As expected, when working with names, there will always be cleaning to do. We have prepared the codes below to clean the data for you.

In [None]:
# Create dictionry of those with discrepancy
province_dic = {'CITY OF COTABATO':'Maguindanao',
 'Manila, Ncr, First District':"Metropolitan Manila",
 'Ncr Fourth District':"Metropolitan Manila",
 'Ncr Second District':"Metropolitan Manila",
 'Ncr Third District':"Metropolitan Manila",
 'Western Sama':"Samar"}

In [None]:
# Replace province name
schools["Province"] = schools["Province"].str.title().replace(province_dic).str.replace("Del", 'del')
print(sorted(schools["Province"].unique()))

In [None]:
province_data = schools.groupby("Province")["Total_Enro", "Total_Inst"].sum().reset_index()
province_data

Now that the data is clean, we can merge them together. 

In [None]:
# Complete the code
merged_data = 
merged_data

Once you have the final dataframe, plotting in geopandas is easy. You simply need to add arguments to change the colors.

In [None]:
# set a variable that will call whatever column we want to visualise on the map
variable = 'Total_Enro'
# set the range for the choropleth
vmin, vmax = merged_data["Total_Enro"].min(), merged_data["Total_Enro"].max()
# create figure and axes for Matplotlib
fig, ax = plt.subplots(1, figsize=(15, 10))

# Complete the code
merged_data.plot(column=variable, cmap='Oranges', linewidth=0.8, ax=ax, edgecolor='0.8', vmin=vmin, vmax=vmax)
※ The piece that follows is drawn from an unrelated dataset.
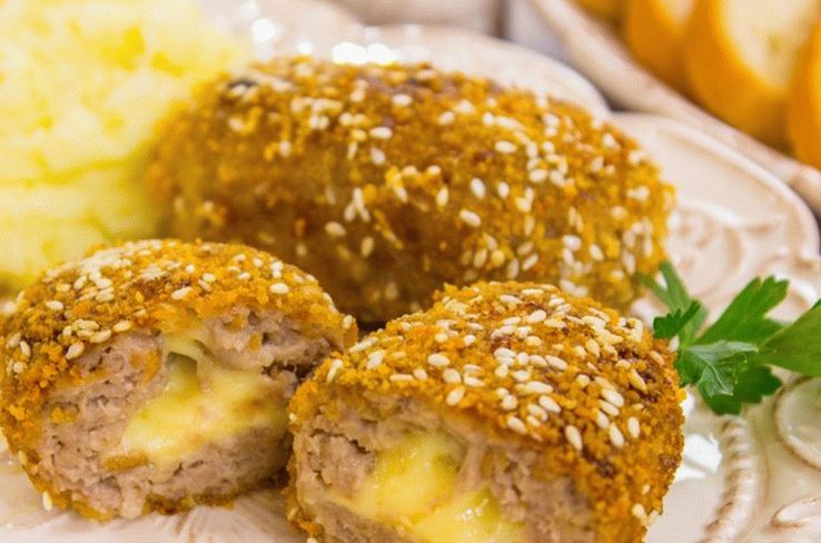 Fragrant, juicy, tasty meatballs with filling, cook at home, any hard cheese is suitable, can also be made with mozzarella, you can add to the breading mixture sesame seed, slightly dried on dry pan, and seasoning from dried herbs.

sm = plt.cm.ScalarMappable(cmap='Oranges', norm=plt.Normalize(vmin=vmin, vmax=vmax))
sm._A = []
cbar = fig.colorbar(sm)

In [None]:
merged_data["st_ratio"] = merged_data["Total_Enro"]/merged_data["Total_Inst"]

In [None]:
# Complete the code

# set a variable that will call whatever column we want to visualise on the map
variable = 
# set the range for the choropleth
vmin, vmax = 
# create figure and axes for Matplotlib
fig, ax = plt.subplots(1, figsize=(15, 10))

____.plot()

sm = 
sm._A = []
cbar = fig.colorbar(sm)

## Folium

Folium makes it easy to visualize data that’s been manipulated in Python on an interactive leaflet map.
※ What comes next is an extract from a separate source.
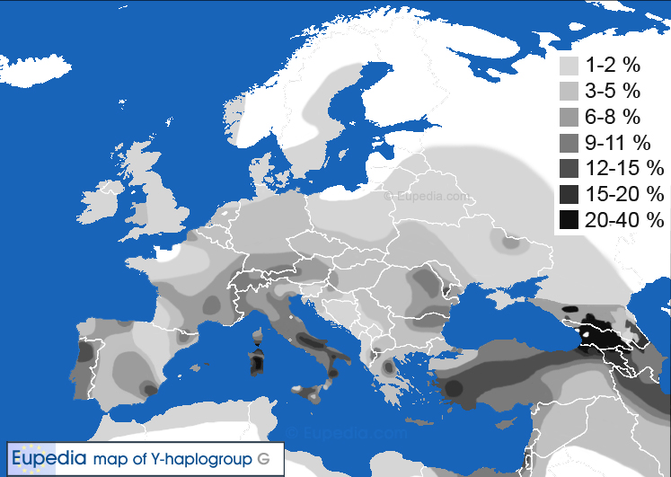В отличии от эрбинов и ариев наша группа G довольно небольшая. Сегодня она составляет примерно 2,5 % населения всего земного шара. В настоящее время гаплогруппа G представлена в Европе очень слабо и находится, в основном, в горных районах, например, в Кантабрии (более 10%), на севере Испании, Швейцарии (10%), Австрии (8%), Овернь (8%) в центральной Франции, горных районах Чехии (от 5 до 10%) и Уэльсе (4%).

Again, let's import the library first.

In [None]:
import folium

An interesting feature of folium is that it already has maps built-in the package. When you type, `folium.Map`, it will prepare for you a basemap that you can edit.

In [None]:
# Coordinates to show
map_center = [14.583197, 121.051538]

# Styling the map
mymap = folium.Map(location=map_center, height=700, width=1000, tiles="OpenStreetMap", zoom_start=14)
mymap

To add points to the map, simple use `folium.Marker` and `.add_to()`

In [None]:
# Coordinate of point
marker_coords = [14.583197, 121.051538]

# Overlay point in map
folium.Marker(marker_coords).add_to(mymap)
mymap

Let's explore adding more than one point. Let's try to plot all the schools in Quezon City. To do so, let's get a subset containing only schools in Quezon City.
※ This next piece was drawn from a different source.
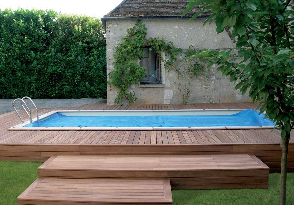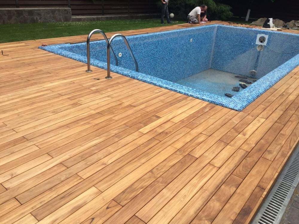 Возможен также вариант с устройством настила ниже бортика бассейна, если этот бортик имеет надлежащее оформление.

***Be careful though! Adding too many points can crash your notebook***

In [None]:
city = "Quezon City"

df_city = schools[schools["Division"]==city]
df_city

Now that we have this subset, we just need to loop the values inside it and add it to the map one by one.

In [None]:
# Complete the code

for i in np.arange(len(df_city)):
    lat = df_city["y"].values[i]
    lon = df_city["x"].values[i]
    name = df_city["School"].values[i]
    folium.Marker([_____ popup=_____)._________
    
mymap

When we have multiple points, there is a tendency for them to overlap depending on your zoom level. One way to handle this is to cluster the points together. You can import `MarkerCluster` for this.

In [None]:
from folium.plugins import MarkerCluster
mymap_cluster = folium.Map(location=map_center, height=700, width=1000, tiles="OpenStreetMap", zoom_start=13)
marker_cluster = MarkerCluster().add_to(mymap_cluster)

The syntax for cluster is very similar to the previous map. However, instead of adding it to the map directly, we add it to the `MarkerCluster` variable.

In [None]:
# Complete the code

for i in np.arange(len(df_city)):
    lat = df_city["y"].values[i]
    lon = df_city["x"].values[i]
    name = df_city["School"].values[i]
    ____________________________________
    
mymap_cluster

There you have it! Try to do the same but for another city.